The study utilized 28 large language models of varying complexity to analyze fMRI data from participants listening to continuous speech. They found that the accuracy of fMRI prediction improved with model complexity, and more importantly, this improvement was more pronounced in the left hemisphere than in the right, demonstrating left-hemispheric dominance. This finding bridges the gap between previous research and suggests more complex models are essential for better understanding brain activity during language processing.
Key Takeaways#
Why does it matter?#
This paper is crucial because it resolves the conflict between classic aphasia findings showing left-hemisphere language dominance and recent fMRI studies exhibiting symmetric brain activation during naturalistic language processing. By demonstrating a scaling law linking the complexity of language models to increased left-lateralization in fMRI predictions, it provides insights into brain-language relationships and encourages further research on the interplay of model complexity and hemispheric asymmetry.
Visual Insights#
Figure 1 shows the results of analyzing inter-subject correlations in fMRI data. Panel (a) displays a distribution showing the correlation between the fMRI time courses of two subject subgroups. The vertical dotted line indicates the threshold used to identify the top 25% most correlated voxels. Panel (b) presents a glass brain visualization, highlighting these top 25% voxels with warmer colors. These voxels represent brain regions with high inter-subject reliability in fMRI responses, indicating consistent activation patterns across individuals. This suggests these regions are robust and significant for further analysis in the study.
This table lists the 28 English large language models used in the study. For each model, it provides the number of parameters (Nparameters), the number of layers (Nlayers), and the number of neurons in each layer (Nneurons). The models are grouped by their family (GPT-2, OPT, Llama 2, Qwen, gemma, StableLM, Mistral, and Mamba).
In-depth insights#
Left-Hemisphere Bias#
The concept of “Left-Hemisphere Bias” in language processing is a cornerstone of neurolinguistics, yet its manifestation in fMRI studies using large language models (LLMs) has been surprisingly symmetric. This paper challenges the traditional view by demonstrating that increasing the complexity of LLMs recovers the expected left-hemisphere dominance. This finding is crucial as it reconciles the apparent discrepancy between classic aphasia studies showing left-hemispheric language dominance and recent fMRI studies employing LLMs, which exhibited bilateral activation.

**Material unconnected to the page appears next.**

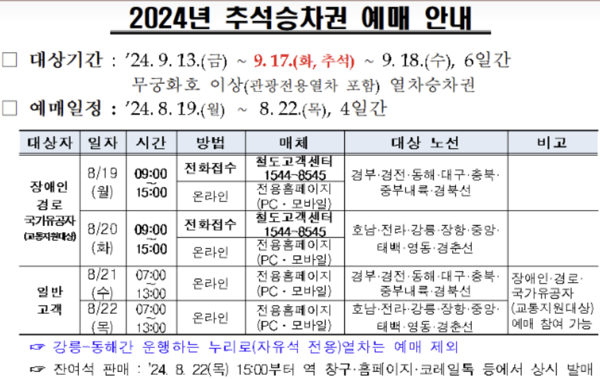 9월 13일 ~ 18일 까지 6일 동안 운행하는 운행하는 KTX와ITX 등 승차권 사전 예매가 8월 19일 월요일 부터 목요일까지 단 4일 동안 진행된다고 합니다.

The authors propose that the left-hemisphere advantage becomes more pronounced as model complexity increases, suggesting that more sophisticated LLMs better capture the nuances of language processing that are preferentially localized in the left hemisphere. This research highlights the importance of model complexity in fMRI-based language studies and opens up new avenues for exploring the neural mechanisms underlying language processing.
LLM fMRI Prediction#
The application of large language models (LLMs) to fMRI prediction presents a fascinating intersection of artificial intelligence and neuroscience. LLMs offer the potential to decode complex brain activity associated with language processing, moving beyond simpler word embedding approaches. By correlating LLM activations with fMRI time series, researchers can identify brain regions strongly associated with specific linguistic computations. However, a significant challenge has been reconciling the often-symmetric brain activation patterns observed with the well-established left-hemispheric dominance in language processing. This discrepancy highlights the need for sophisticated analysis techniques and careful consideration of model complexity. Studies using LLMs of varying sizes show a scaling effect, with larger, more complex models increasingly revealing left-lateralization, potentially bridging the gap between computational models and the neurobiological reality of language. This opens exciting avenues for future research, including investigating how model architecture and training affect the predictive power and brain localization patterns. Further investigation is needed to resolve the precise neurological mechanisms behind the observed relationships between LLMs, fMRI signals, and the brain’s left-hemisphere dominance in language. This may involve more granular analyses across different brain regions, along with the integration of other relevant linguistic features.
Scaling Laws in fMRI#
The concept of “Scaling Laws in fMRI” investigates how the size and complexity of language models correlate with their ability to predict brain activity measured via fMRI. Larger, more sophisticated models generally show improved performance in predicting fMRI signals. This observation suggests a relationship between the computational capacity of the models and the neural processes underlying language comprehension. The scaling laws themselves reveal a quantitative relationship, often described as linear, between a model’s parameters (e.g., number of weights) and its prediction accuracy, suggesting a potential fundamental principle underlying brain-language interactions. However, the exact nature of this relationship and its implications are still under investigation. Further research is needed to explore the mechanistic underpinnings of these scaling laws, possibly revealing novel insights into brain function and language processing. This work also highlights potential limitations in the current understanding of brain organization and the need for more sophisticated modeling techniques.
Model Size & Asymmetry#
The research explores the relationship between model size and the emergence of left-right asymmetry in brain activation patterns during language processing. Larger language models demonstrated a stronger correlation with brain activity in the left hemisphere compared to the right, suggesting a left-hemisphere dominance for language processing, which is consistent with classic observations from aphasia studies. This finding challenges previous research using simpler models that revealed symmetrical bilateral activation patterns. The study suggests that the increased complexity and performance of larger models enhance their capacity to capture the left hemisphere’s specialized role in language. The scaling law observed in the relationship between model size and predictive accuracy is also intriguing, and is particularly strong in regions like the left angular gyrus. The study’s findings reconcile computational language model analyses with the well-established neurological understanding of language lateralization, offering valuable insights into the neural mechanisms underlying language comprehension.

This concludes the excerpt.